* _ACTIVITY_:
The required answer is the data below, restated word for word with images omitted.

─── DATA PROVIDED ───

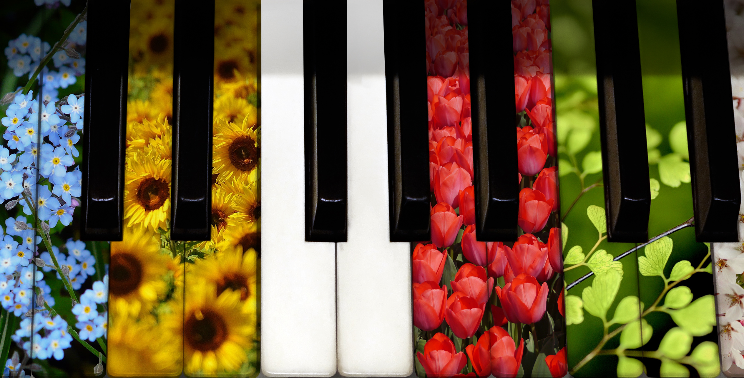 Linzer Orgelfrühling 2017. (© Stefanie Petelin (Tasten), Hans/pixabay.com/CC0 1.0 (Vergissmeinnicht), Alexas_Fotos/pixabay.com/CC0 1.0 (Sonnenblumen), auntmasako/pixabay.com/CC0 1.0 (Tulpen), jarekgrafik/pixabay.com/CC0 1.0 (Blätter), greenkoma/pixabay.com/CC0 1.0 (Blüten), Patricia Lang (Fotomontage).)
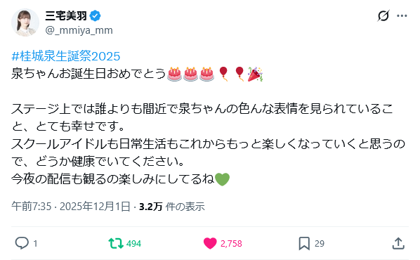 | … | 31無念Nameとしあき25/12/01(月)20:33:55No.1370128860+ 1764588835626.jpg-(150394 B) >泉ちゃんお誕生日おめでとうございます♪ |
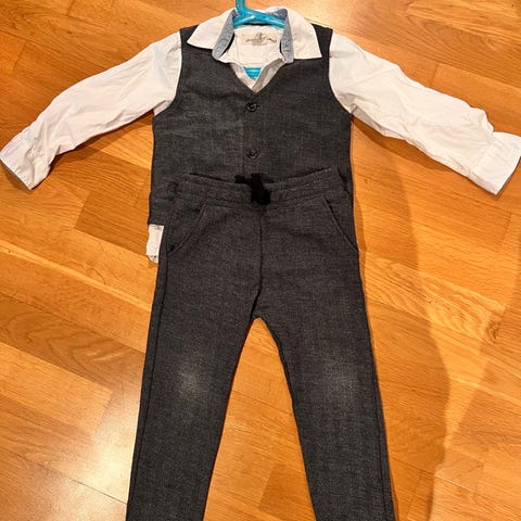 Fin klær til gutt hvit t-skjorte,bukse og vest med glidelås blå farge

───

* _SOLUTION TO THIS TASK_:
 Linzer Orgelfrühling 2017. (© Stefanie Petelin (Tasten), Hans/pixabay.com/CC0 1.0 (Vergissmeinnicht), Alexas_Fotos/pixabay.com/CC0 1.0 (Sonnenblumen), auntmasako/pixabay.com/CC0 1.0 (Tulpen), jarekgrafik/pixabay.com/CC0 1.0 (Blätter), greenkoma/pixabay.com/CC0 1.0 (Blüten), Patricia Lang (Fotomontage).)
 | … | 31無念Nameとしあき25/12/01(月)20:33:55No.1370128860+ 1764588835626.jpg-(150394 B) >泉ちゃんお誕生日おめでとうございます♪ |
 Fin klær til gutt hvit t-skjorte,bukse og vest med glidelås blå farge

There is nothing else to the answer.